# [Given information]

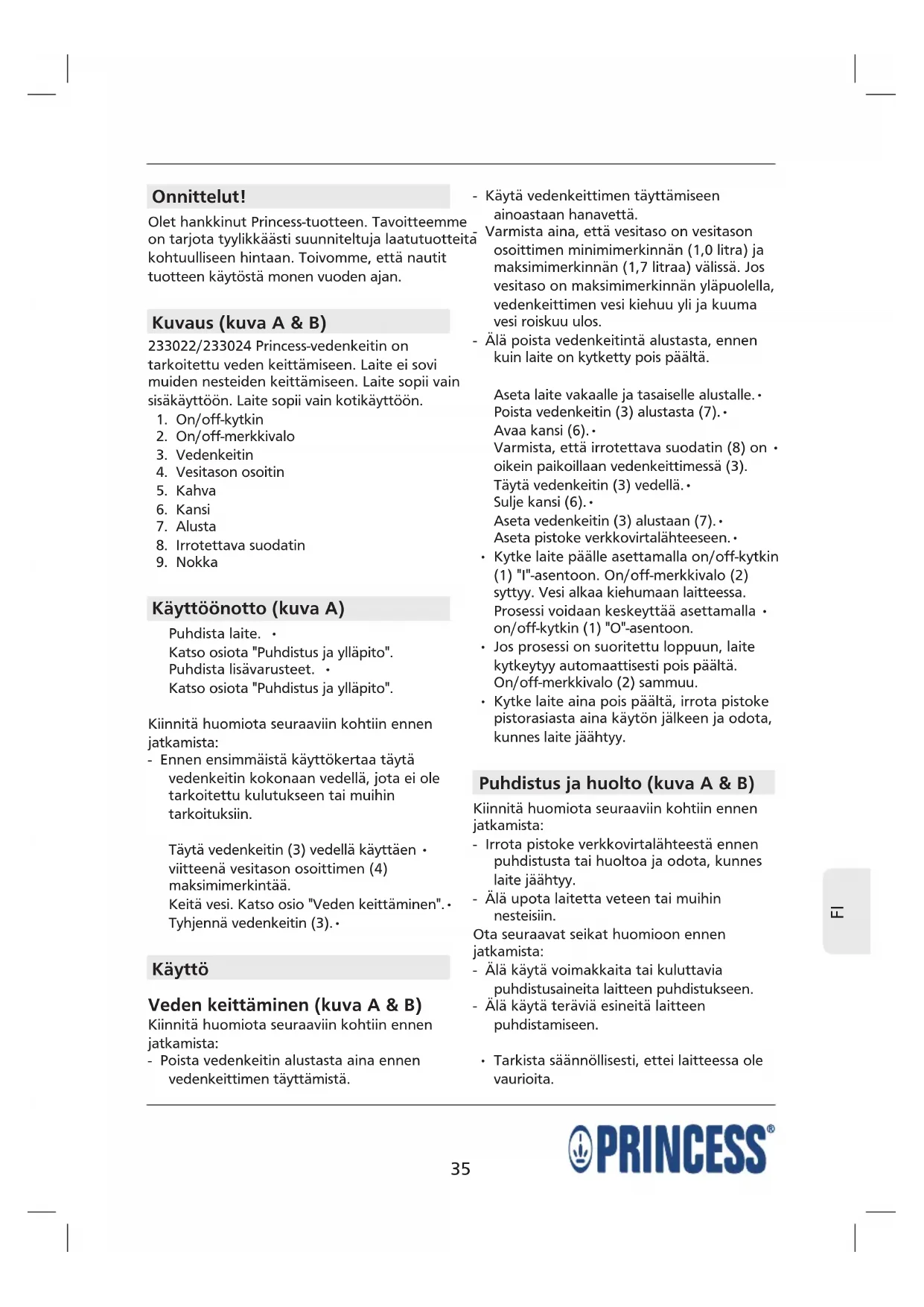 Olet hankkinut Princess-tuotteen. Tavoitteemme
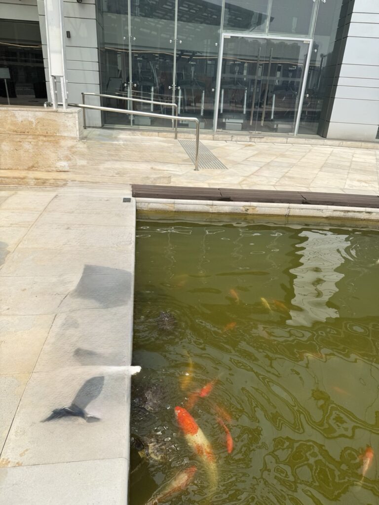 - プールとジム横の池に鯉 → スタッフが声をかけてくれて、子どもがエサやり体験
--
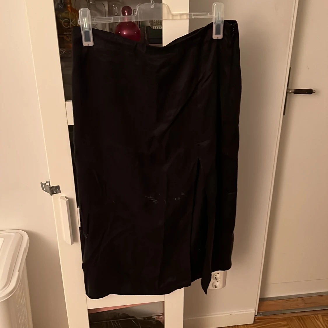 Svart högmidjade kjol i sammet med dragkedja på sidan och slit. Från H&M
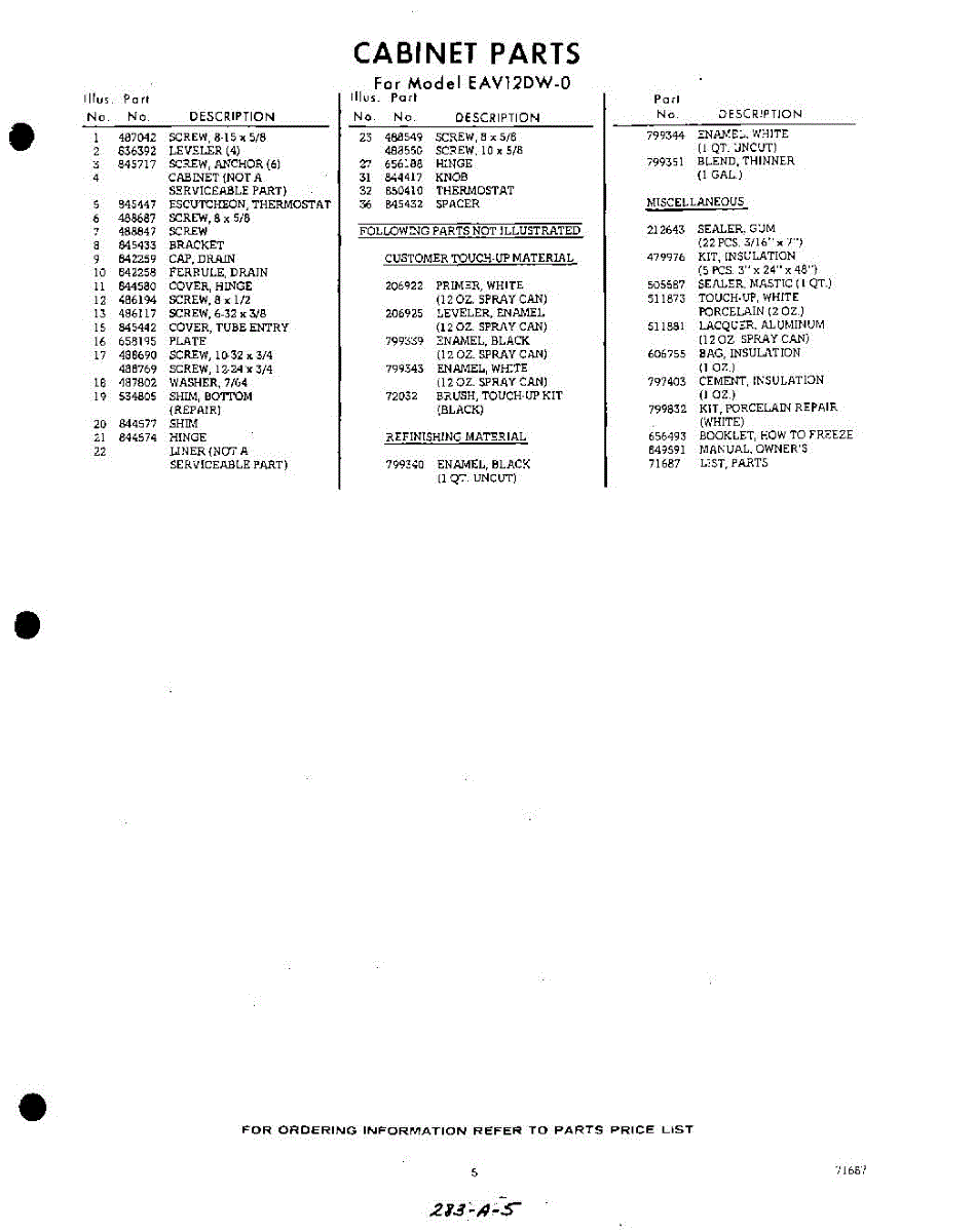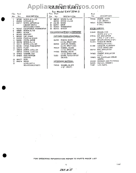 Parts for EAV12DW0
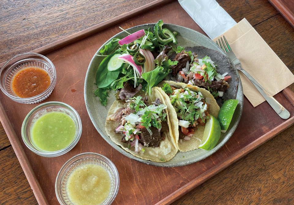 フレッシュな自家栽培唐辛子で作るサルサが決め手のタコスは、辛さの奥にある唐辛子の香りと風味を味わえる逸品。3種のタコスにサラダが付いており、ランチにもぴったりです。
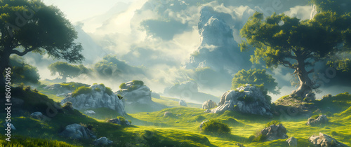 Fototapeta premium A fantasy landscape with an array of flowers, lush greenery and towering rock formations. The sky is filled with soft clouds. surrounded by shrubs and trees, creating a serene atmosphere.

# [Task requirements]
Pictures are to be left out. Write out only the lines above starting at the one with "フレッシュな自家栽培唐辛子で" and ending at the one with "Fototapeta premium A", both lines included, exactly.

# [Worked solution]
 フレッシュな自家栽培唐辛子で作るサルサが決め手のタコスは、辛さの奥にある唐辛子の香りと風味を味わえる逸品。3種のタコスにサラダが付いており、ランチにもぴったりです。
 Fototapeta premium A fantasy landscape with an array of flowers, lush greenery and towering rock formations. The sky is filled with soft clouds. surrounded by shrubs and trees, creating a serene atmosphere.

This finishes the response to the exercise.